[Data items]
=====

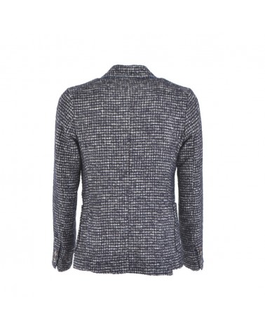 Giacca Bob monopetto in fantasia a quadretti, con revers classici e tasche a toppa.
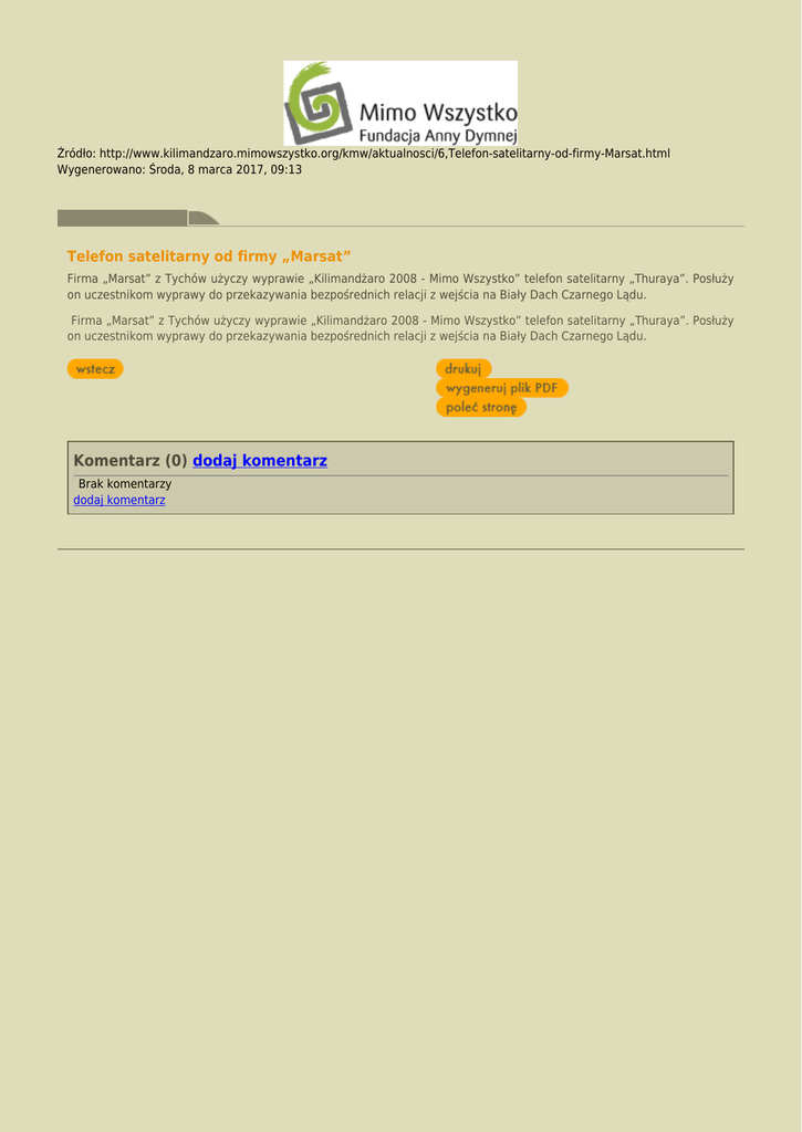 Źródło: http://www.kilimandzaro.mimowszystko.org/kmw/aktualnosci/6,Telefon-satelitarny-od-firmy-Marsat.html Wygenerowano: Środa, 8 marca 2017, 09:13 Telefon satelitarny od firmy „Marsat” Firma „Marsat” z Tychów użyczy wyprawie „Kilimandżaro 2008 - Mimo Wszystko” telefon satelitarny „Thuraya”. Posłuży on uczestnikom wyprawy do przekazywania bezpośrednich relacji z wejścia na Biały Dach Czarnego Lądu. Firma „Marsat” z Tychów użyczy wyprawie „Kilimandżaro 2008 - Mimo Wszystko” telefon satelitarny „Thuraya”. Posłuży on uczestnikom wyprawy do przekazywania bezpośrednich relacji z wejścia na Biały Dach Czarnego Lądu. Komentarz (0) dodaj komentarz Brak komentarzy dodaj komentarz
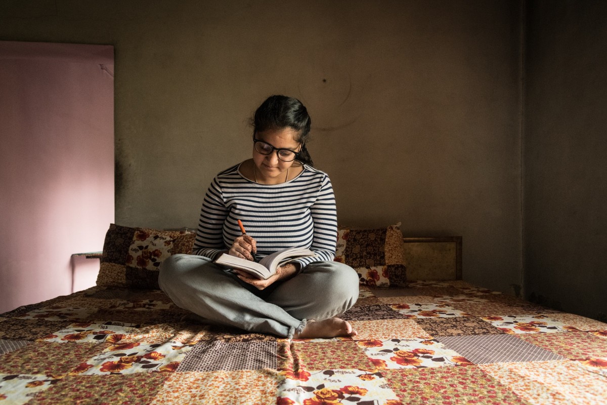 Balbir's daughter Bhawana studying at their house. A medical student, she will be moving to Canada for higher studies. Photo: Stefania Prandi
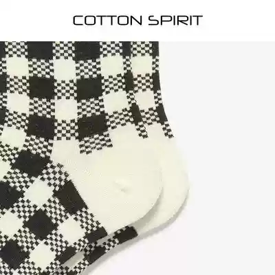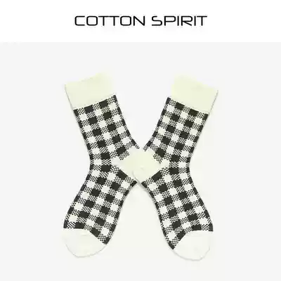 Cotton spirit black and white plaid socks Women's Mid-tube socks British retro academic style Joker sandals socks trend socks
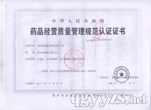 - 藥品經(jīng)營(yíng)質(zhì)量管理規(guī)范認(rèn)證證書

=====

• _Exercise details_: Print the data above in full and exactly as it appears, skipping the pictures.

• _Finished task_:
 Giacca Bob monopetto in fantasia a quadretti, con revers classici e tasche a toppa.
 Źródło: http://www.kilimandzaro.mimowszystko.org/kmw/aktualnosci/6,Telefon-satelitarny-od-firmy-Marsat.html Wygenerowano: Środa, 8 marca 2017, 09:13 Telefon satelitarny od firmy „Marsat” Firma „Marsat” z Tychów użyczy wyprawie „Kilimandżaro 2008 - Mimo Wszystko” telefon satelitarny „Thuraya”. Posłuży on uczestnikom wyprawy do przekazywania bezpośrednich relacji z wejścia na Biały Dach Czarnego Lądu. Firma „Marsat” z Tychów użyczy wyprawie „Kilimandżaro 2008 - Mimo Wszystko” telefon satelitarny „Thuraya”. Posłuży on uczestnikom wyprawy do przekazywania bezpośrednich relacji z wejścia na Biały Dach Czarnego Lądu. Komentarz (0) dodaj komentarz Brak komentarzy dodaj komentarz
 Balbir's daughter Bhawana studying at their house. A medical student, she will be moving to Canada for higher studies. Photo: Stefania Prandi
 Cotton spirit black and white plaid socks Women's Mid-tube socks British retro academic style Joker sandals socks trend socks
 - 藥品經(jīng)營(yíng)質(zhì)量管理規(guī)范認(rèn)證證書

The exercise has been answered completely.